GOAL OF THE EXERCISE » Look through the data below for the line with "Inventory setup Fact / Endophyte link" and the line with "Dann fügen Sie", then transcribe exactly from the first through the second, leaving out all pictures.

DATASET EXTRACT »

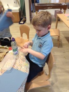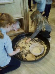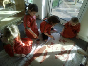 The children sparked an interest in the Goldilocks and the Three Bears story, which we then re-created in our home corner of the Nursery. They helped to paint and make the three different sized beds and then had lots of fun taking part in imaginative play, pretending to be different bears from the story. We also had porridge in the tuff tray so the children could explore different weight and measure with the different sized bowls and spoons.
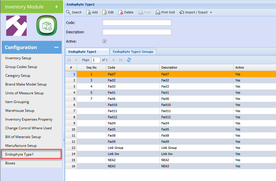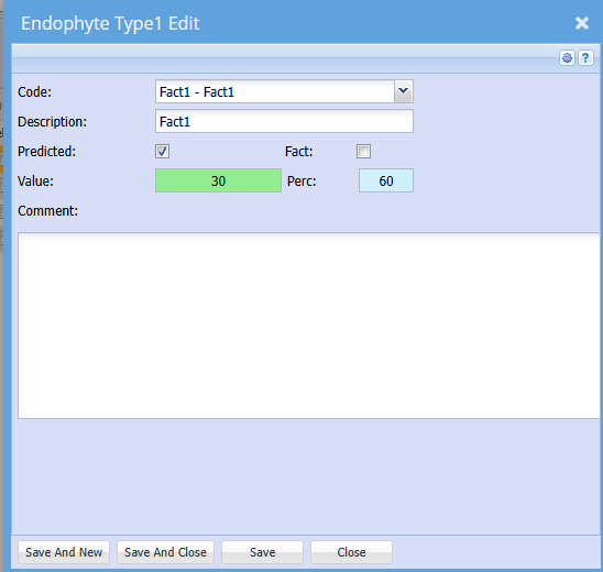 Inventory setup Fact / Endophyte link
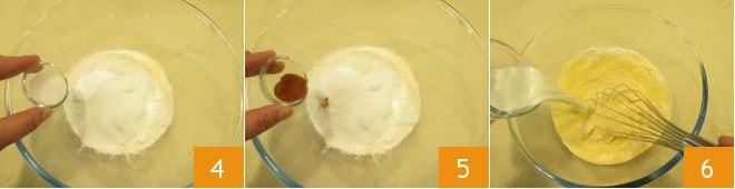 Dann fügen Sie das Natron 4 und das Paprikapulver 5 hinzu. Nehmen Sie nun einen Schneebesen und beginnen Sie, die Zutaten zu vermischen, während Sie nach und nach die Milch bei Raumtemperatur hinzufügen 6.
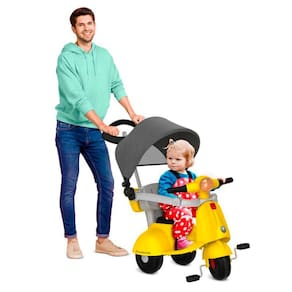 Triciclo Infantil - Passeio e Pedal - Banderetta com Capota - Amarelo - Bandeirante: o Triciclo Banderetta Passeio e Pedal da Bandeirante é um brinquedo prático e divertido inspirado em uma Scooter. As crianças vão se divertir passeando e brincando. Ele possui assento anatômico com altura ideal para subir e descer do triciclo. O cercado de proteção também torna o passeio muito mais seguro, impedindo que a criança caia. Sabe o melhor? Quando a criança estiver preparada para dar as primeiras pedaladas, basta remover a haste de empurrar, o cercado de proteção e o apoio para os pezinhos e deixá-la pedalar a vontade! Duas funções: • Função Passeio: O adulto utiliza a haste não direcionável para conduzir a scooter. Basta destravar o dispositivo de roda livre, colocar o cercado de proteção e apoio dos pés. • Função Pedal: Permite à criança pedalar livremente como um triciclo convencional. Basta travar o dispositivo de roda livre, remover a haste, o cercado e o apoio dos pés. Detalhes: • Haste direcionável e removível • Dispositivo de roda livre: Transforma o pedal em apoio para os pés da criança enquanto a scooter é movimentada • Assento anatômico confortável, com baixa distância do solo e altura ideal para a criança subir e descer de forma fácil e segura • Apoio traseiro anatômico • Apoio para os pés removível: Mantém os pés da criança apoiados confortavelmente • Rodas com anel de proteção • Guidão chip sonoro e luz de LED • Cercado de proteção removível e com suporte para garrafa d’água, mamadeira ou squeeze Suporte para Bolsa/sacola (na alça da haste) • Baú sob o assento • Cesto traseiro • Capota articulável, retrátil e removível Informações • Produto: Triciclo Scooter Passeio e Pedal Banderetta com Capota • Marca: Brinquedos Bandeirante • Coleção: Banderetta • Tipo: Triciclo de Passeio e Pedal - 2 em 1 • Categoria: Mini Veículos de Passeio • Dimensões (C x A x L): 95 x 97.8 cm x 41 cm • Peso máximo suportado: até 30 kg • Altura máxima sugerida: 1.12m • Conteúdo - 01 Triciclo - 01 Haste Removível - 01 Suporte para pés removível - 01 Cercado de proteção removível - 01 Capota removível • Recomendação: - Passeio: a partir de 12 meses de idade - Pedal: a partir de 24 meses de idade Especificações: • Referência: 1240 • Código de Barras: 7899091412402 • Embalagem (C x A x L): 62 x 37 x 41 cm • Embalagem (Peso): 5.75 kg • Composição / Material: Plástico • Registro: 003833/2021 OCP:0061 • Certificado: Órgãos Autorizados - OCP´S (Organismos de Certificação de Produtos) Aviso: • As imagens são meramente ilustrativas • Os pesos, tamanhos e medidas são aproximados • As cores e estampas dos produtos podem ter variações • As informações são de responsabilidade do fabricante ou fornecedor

REPLY »
 Inventory setup Fact / Endophyte link
 Dann fügen Sie das Natron 4 und das Paprikapulver 5 hinzu. Nehmen Sie nun einen Schneebesen und beginnen Sie, die Zutaten zu vermischen, während Sie nach und nach die Milch bei Raumtemperatur hinzufügen 6.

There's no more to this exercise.